*** Opening of RECORDED DATA ***

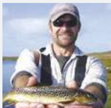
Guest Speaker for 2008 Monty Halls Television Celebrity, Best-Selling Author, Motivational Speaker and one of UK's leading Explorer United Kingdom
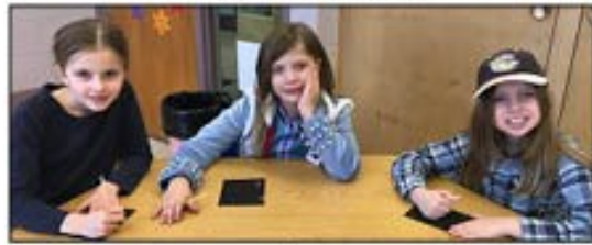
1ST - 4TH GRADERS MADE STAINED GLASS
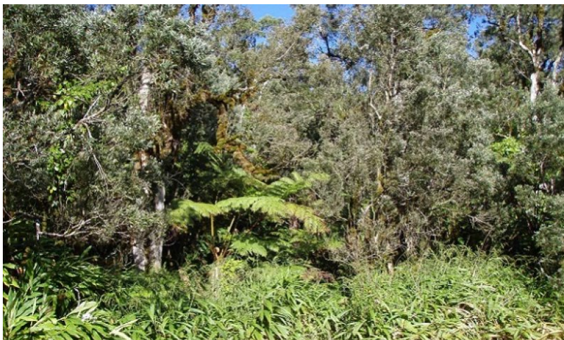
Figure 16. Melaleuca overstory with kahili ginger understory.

*** Close of RECORDED DATA ***

* EXERCISE *
Set down the material above exactly as it reads, but not its pictures.

* RESPONSE *
Guest Speaker for 2008 Monty Halls Television Celebrity, Best-Selling Author, Motivational Speaker and one of UK's leading Explorer United Kingdom
1ST - 4TH GRADERS MADE STAINED GLASS
Figure 16. Melaleuca overstory with kahili ginger understory.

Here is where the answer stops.